Esse experimento já foi realizado muitas vezes com várias espécies de aves e mamíferos, incluindo os seres humanos. Há dois resultados claros. O primeiro, e pouco surpreendente, é o fato de a duração do sono ser muito mais longa na noite de recuperação (dez ou até doze horas em seres humano) do que em uma noite comum sem privação anterior (oito horas, no nosso caso). Em reação ao débito, essencialmente tentamos nos livrar dele dormindo, o que, em termos técnicos, é chamado de rebote do sono.

O segundo é o fato de o rebote do sono NREM ser mais intenso. O cérebro consome uma porção muito maior de sono NREM profundo do que a de

sono REM na primeira noite após a privação total de sono, demonstrando uma ânsia desigual. Apesar de ambos os tipos de sono estarem à disposição no bufê de canapés do sono de recuperação, o cérebro opta por colocar muito mais sono NREM profundo no prato. Portanto, na batalha da importância o sono NREM teria vencido. Mas será mesmo?
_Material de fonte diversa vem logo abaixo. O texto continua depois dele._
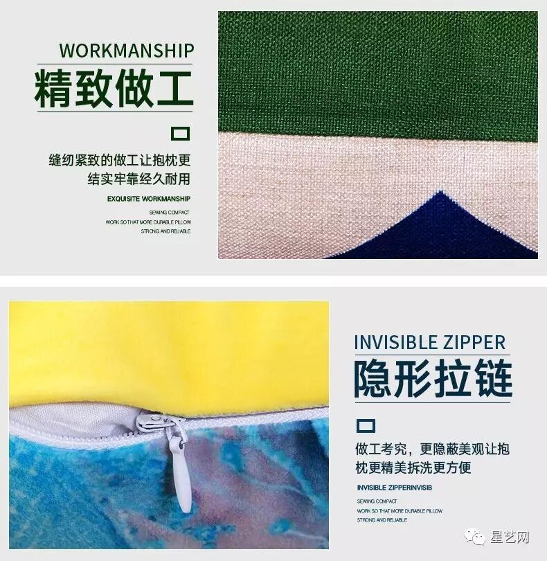 星艺网的衍生工艺品“抱枕”系列,3个规格2种面料选择,¥68.00起

Não exatamente. Caso se prossiga com o registro do sono ao longo de uma segunda, terceira e até quarta noite de recuperação, veremos uma inversão. Nesse caso o sono REM se torna a principal travessa a que se recorre em cada ida à mesa do bufê de recuperação, com o sono NREM fazendo as vezes de acompanhamento. Desse modo, os dois estágios podem ser descritos como essenciais. Nós tentamos recuperar um deles (o NREM) um pouco mais cedo do que o outro (REM), mas não se engane: o cérebro tentará obter ambos, buscando compensar algumas das perdas incorridas. E é importante observar que, seja qual for a quantidade de oportunidades de recuperação, o cérebro nunca chega perto de reaver todo o sono que perdeu.

Isso se aplica tanto para o tempo total de sono quanto para o sono NREM e para o sono REM. O fato de nós, seres humanos (e todas as outras espécies), nunca podermos recuperar o sono perdido é uma das maiores lições deste livro, algo cujas consequências deploráveis descreverei nos Capítulos 7 e 8.